The present invention provides a kind of Freehandhand-drawing video intelligent and dubs generation and synchronous method, which is characterized in that the Freehandhand-drawing video intelligent dubs generation and synchronous method includes:S10:Script data is dubbed in acquisition;S20:The script data of dubbing got is standardized;S30:Obtain the characteristic for dubbing script data;S40:Generate intelligent dubbing data;S50:The intelligent dubbing data of generation is synchronized in institute's video scene to be applied;S60:To after synchronizing intelligent dubbing data and video scene be finely adjusted processing.The present invention provides a kind of Freehandhand-drawing video intelligent and dubs generation and synchronous method, based on to different types of a large amount of voice datas are specified, carries out speech model training, and user can choose the sound of a certain type, be dubbed for target video.

Description

A kind of Freehandhand-drawing video intelligent dubs generation and synchronous method
Technical field
The present invention relates to Freehandhand-drawing video intelligents to dub field, and in particular to a kind of Freehandhand-drawing video intelligent dubs generation and same The method of step.
Background technique
In the short-sighted frequency production process of Freehandhand-drawing, sound is an important component part, sound and Freehandhand-drawing animation group together At the short-sighted frequency of Freehandhand-drawing.
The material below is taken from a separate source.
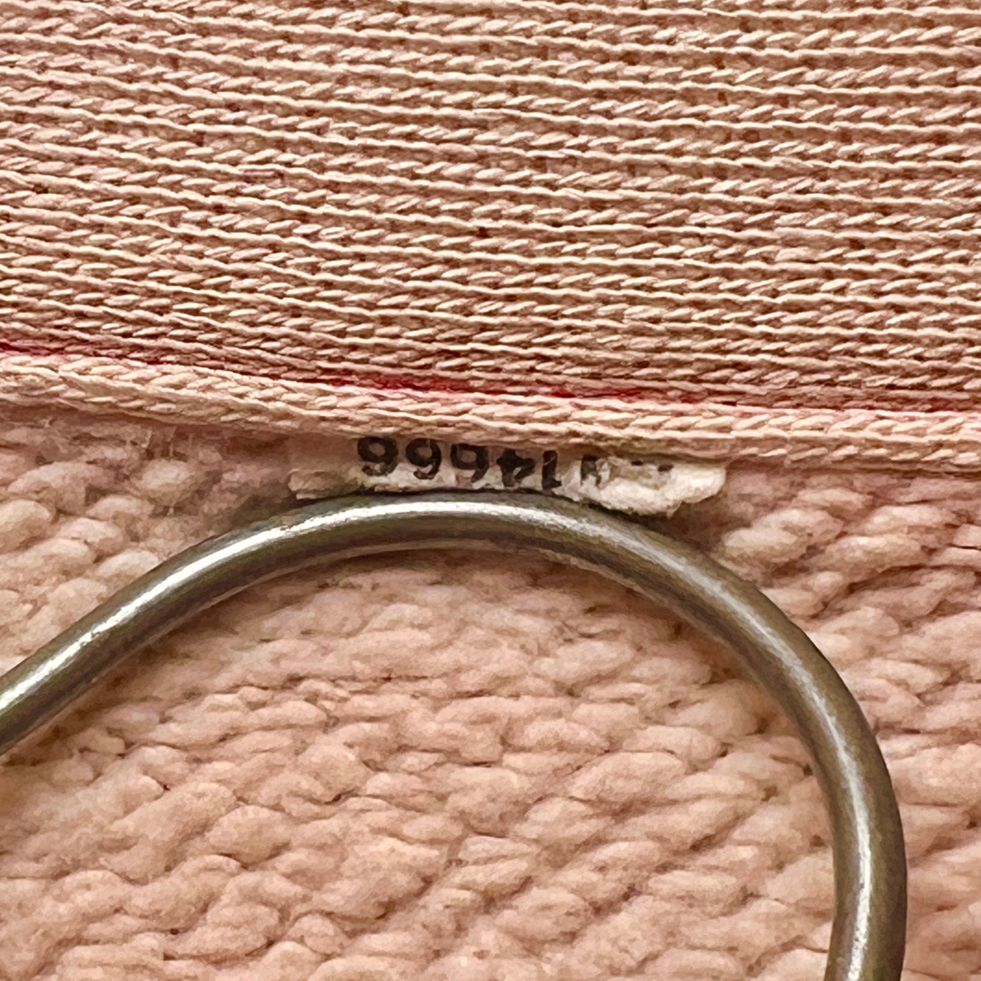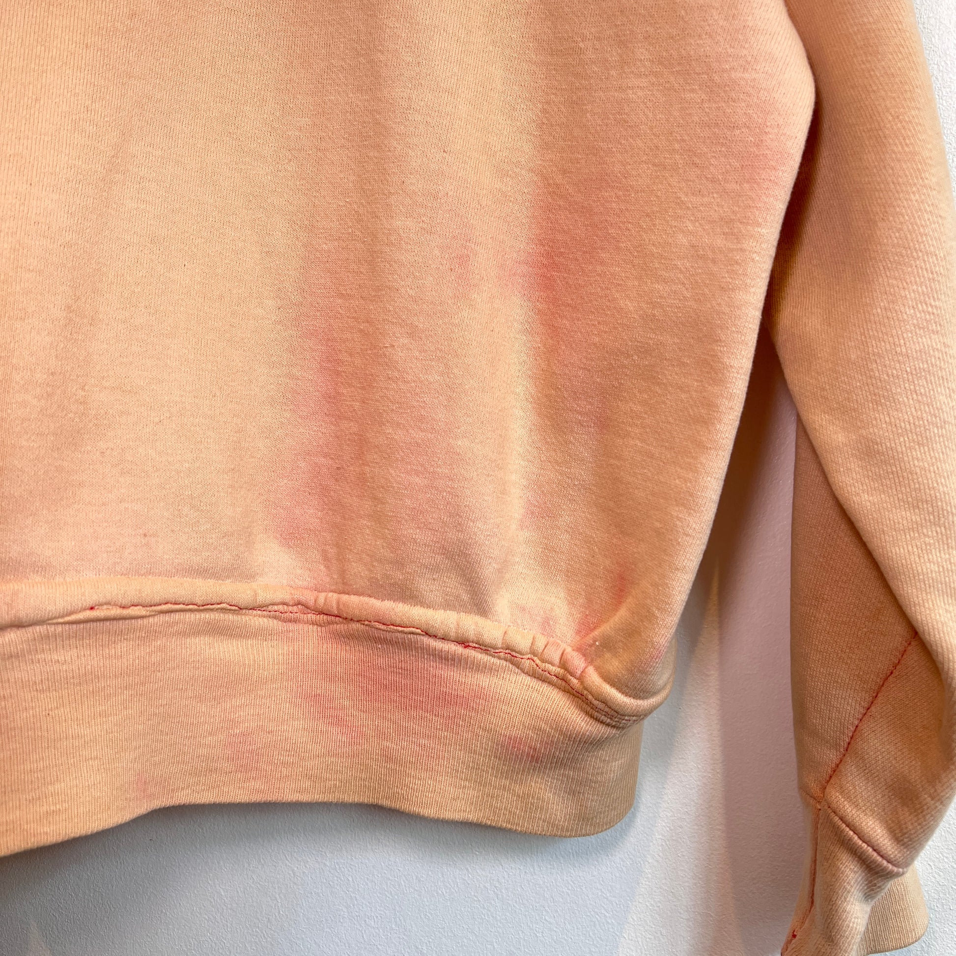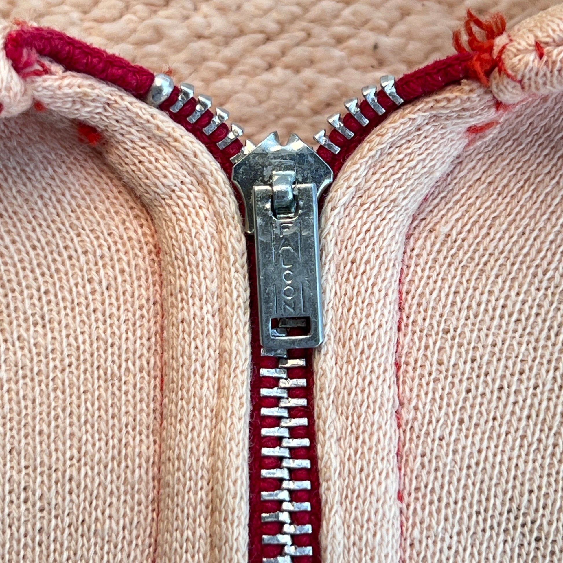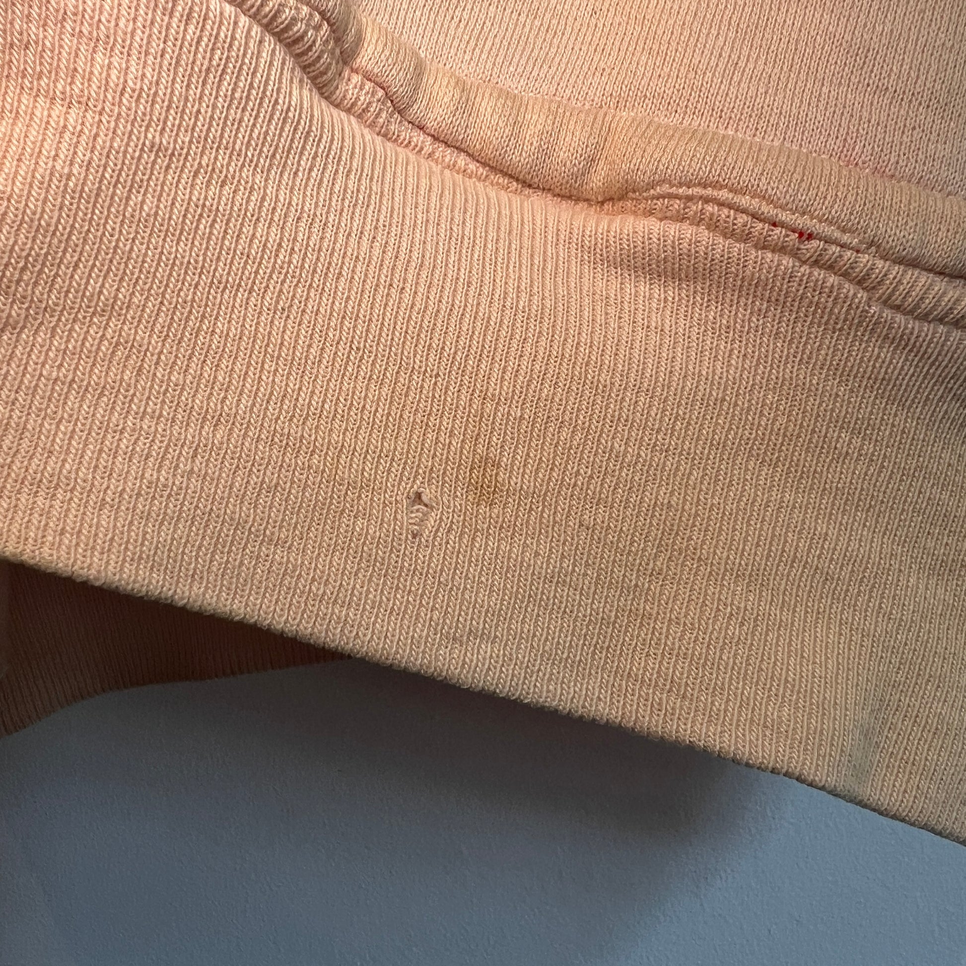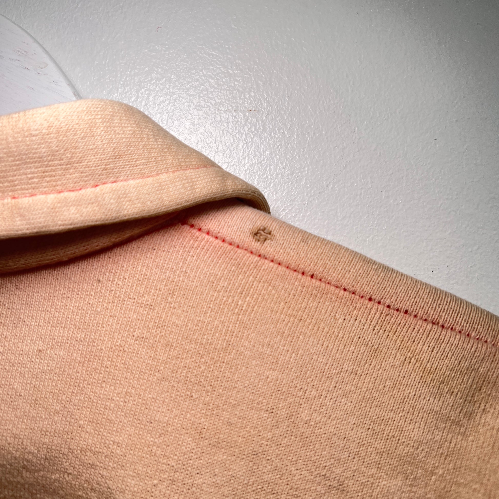 color: faded salmon pink and red stitch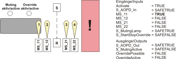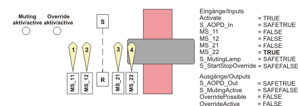 • The object is already behind the safety-related equipment, i.e., a SAFETRUE signal is present at the S_AOPD_In input again and the muting sensors 1 and 2 report FALSE again.

And the sound in the short-sighted frequency of Freehandhand-drawing now realizes technology, there are mainly two types of:1. being simply added background music, 2. specially Industry is dubbed personnel and is dubbed according to video image content, and 3. utilize speech synthesis technique, synthesizes the voice of specified text, and These three sound realize technology, each there is many problems and disadvantages.
The first is simply added the mode of background music, and disadvantage music cannot be synchronous with picture material, can not accomplish to picture The effects of explanation in face, can only sound in simple realization Freehandhand-drawing video, the compatible degree of sound and the quality of video are all difficult to protect Card.
Second of profession dubs mode, needs to dub script by the personnel that dub of profession, production, uses dubbing for profession Equipment is gone to realize and be dubbed, then using the video editing tool of profession, is synthesized to video dubbing according to video image content In;The shortcomings that this mode, is and profession dubs communication cost between personnel, monetary cost and entirely dubs synthesis process Time cost, once and video content have modification, it is necessary to re-start it is above-mentioned entirely dub process, for common It is that difficulty is biggish that user's use or professional user, which use,.
The third speech synthesis technique, the voice after synthesis, sounder are machine synthetic videos, word speed, intonation, at the tone Reason, fluency etc. all have a long way to go between true man's sound, can not achieve dubbing for high quality in Freehandhand-drawing video.
To sum up, existing technology, the sound for having no idea to complete well in Freehandhand-drawing video are realized at present.
Summary of the invention
In view of this, the present invention, which provides a kind of Freehandhand-drawing video intelligent, dubs generation and synchronous method, based on to it is specified not A large amount of voice datas of same type carry out speech model training, and user can choose the sound of a certain type, be target video into Row is dubbed;And according to the duration of each scene in the short-sighted frequency of target, fine tuning is done to each section in dubbing data and is synchronized;Again to every Gradual change processing is done at the pause of section dubbing data, the case where there are multiple voices to same time point, does reasonable volume adjustment Operation, finally realize the generation intelligently dubbed with it is synchronous.
The present invention provides a kind of Freehandhand-drawing video intelligent and dubs generation and synchronous method, which is characterized in that the Freehandhand-drawing view Frequency intelligence dubs generation and synchronous method includes:
S10:Script data is dubbed in acquisition, and is stored in dubbing in script database;
S20:The script data of dubbing got is standardized;
S30:The characteristic for dubbing script data is obtained, and is stored in dubbing in teaching data characteristics database;
S40:Generate intelligent dubbing data;
S50:The intelligent dubbing data of generation is synchronized in institute's video scene to be applied;
S60:To after synchronizing intelligent dubbing data and video scene be finely adjusted processing.
Preferably, step S40 includes:
S401:Obtain different types of voice data;
S402:Classification sound characteristic is carried out to the different types of voice data of acquisition to extract;
S403:Classification voice is carried out to the different types of sound characteristic of extraction to be trained, and generates phonetic algorithm model;
S404:It is special according to different types of voice data corresponding in phonetic algorithm model and the corresponding classification sound of the type Data are levied, synthesize the voice in corresponding voice script using speech regeneration method, adjustment word speed and corresponding pause point, synthesis are dubbed Data.
It preferably, further include step S41 after the step S40:
Be related to it is special dub script data, to it is special dub script data carry out specially treated.
Preferably, the script data of dubbing includes audio text information, pause point information, word speed information and sound number According to type information.
Preferably, step S60 includes:
S601:When video scene switches, gradual change processing is carried out to the dubbing data of generation;
S602:Dubbing data and video scene are further finely tuned, guarantee the synchronization of dubbing data and video scene.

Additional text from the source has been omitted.